» **TASK REQUIREMENTS**
Pictures in the entries below are excluded; copy only the lines from the one containing "雄厚的企業實力和科學完善的質" to the one containing "Ngày 23/1/2024, Đoàn", both included.

» **RECORDS SHOWN**
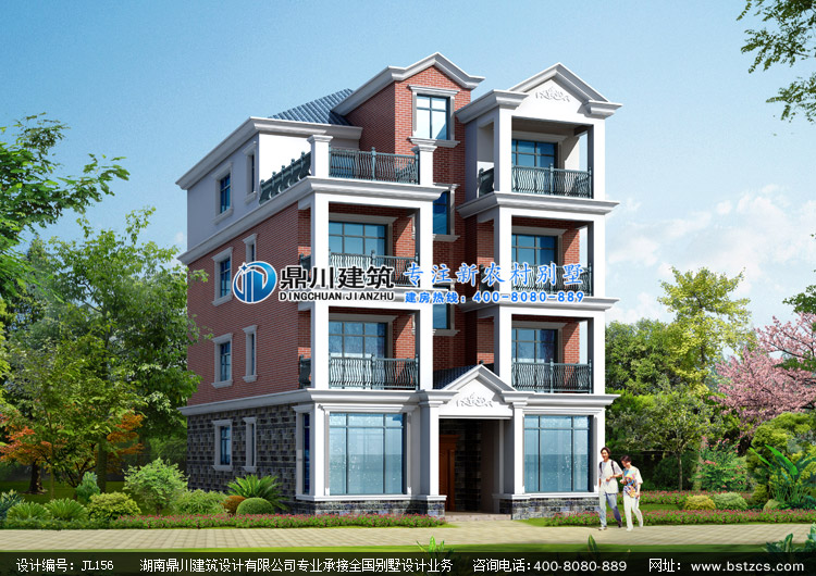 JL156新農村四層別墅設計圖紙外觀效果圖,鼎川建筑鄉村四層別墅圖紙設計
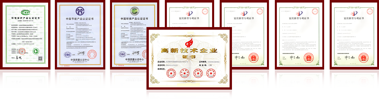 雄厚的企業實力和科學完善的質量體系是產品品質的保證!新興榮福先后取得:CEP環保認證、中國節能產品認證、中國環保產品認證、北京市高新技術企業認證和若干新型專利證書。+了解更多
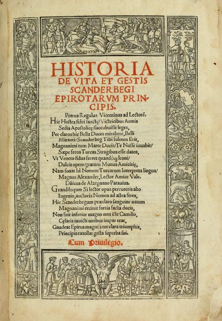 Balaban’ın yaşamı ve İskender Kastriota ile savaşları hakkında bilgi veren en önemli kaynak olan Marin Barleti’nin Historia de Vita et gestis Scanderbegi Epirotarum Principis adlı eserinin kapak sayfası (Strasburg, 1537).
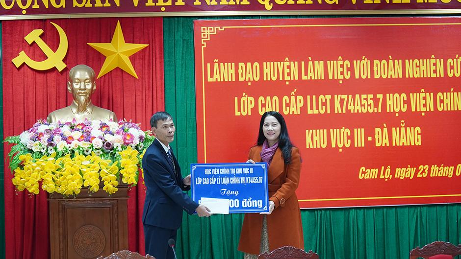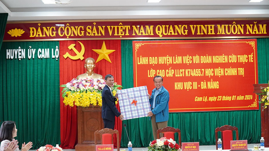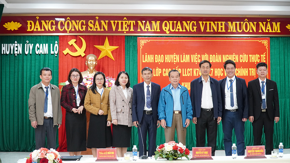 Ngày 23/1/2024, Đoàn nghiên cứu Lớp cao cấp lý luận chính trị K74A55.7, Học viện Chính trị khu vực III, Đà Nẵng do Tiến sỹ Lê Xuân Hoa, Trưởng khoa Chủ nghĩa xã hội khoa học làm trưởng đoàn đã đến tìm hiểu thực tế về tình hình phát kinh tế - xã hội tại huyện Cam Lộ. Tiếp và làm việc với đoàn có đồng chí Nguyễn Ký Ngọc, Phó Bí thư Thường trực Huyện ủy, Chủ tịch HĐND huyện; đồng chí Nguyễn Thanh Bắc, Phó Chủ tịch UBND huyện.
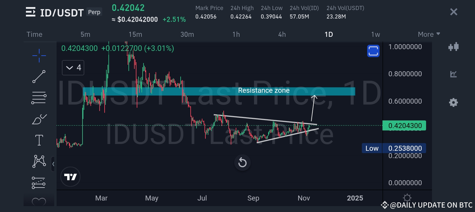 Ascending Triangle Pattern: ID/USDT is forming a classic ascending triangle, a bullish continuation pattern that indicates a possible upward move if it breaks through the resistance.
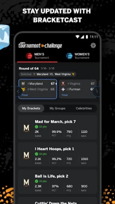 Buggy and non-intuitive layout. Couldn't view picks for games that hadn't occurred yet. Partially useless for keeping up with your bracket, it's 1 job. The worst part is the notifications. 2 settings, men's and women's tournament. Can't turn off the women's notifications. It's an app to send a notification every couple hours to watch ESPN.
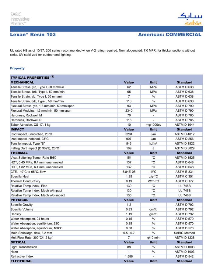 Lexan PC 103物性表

» **EXPECTED ANSWER**
 雄厚的企業實力和科學完善的質量體系是產品品質的保證!新興榮福先后取得:CEP環保認證、中國節能產品認證、中國環保產品認證、北京市高新技術企業認證和若干新型專利證書。+了解更多
 Balaban’ın yaşamı ve İskender Kastriota ile savaşları hakkında bilgi veren en önemli kaynak olan Marin Barleti’nin Historia de Vita et gestis Scanderbegi Epirotarum Principis adlı eserinin kapak sayfası (Strasburg, 1537).
 Ngày 23/1/2024, Đoàn nghiên cứu Lớp cao cấp lý luận chính trị K74A55.7, Học viện Chính trị khu vực III, Đà Nẵng do Tiến sỹ Lê Xuân Hoa, Trưởng khoa Chủ nghĩa xã hội khoa học làm trưởng đoàn đã đến tìm hiểu thực tế về tình hình phát kinh tế - xã hội tại huyện Cam Lộ. Tiếp và làm việc với đoàn có đồng chí Nguyễn Ký Ngọc, Phó Bí thư Thường trực Huyện ủy, Chủ tịch HĐND huyện; đồng chí Nguyễn Thanh Bắc, Phó Chủ tịch UBND huyện.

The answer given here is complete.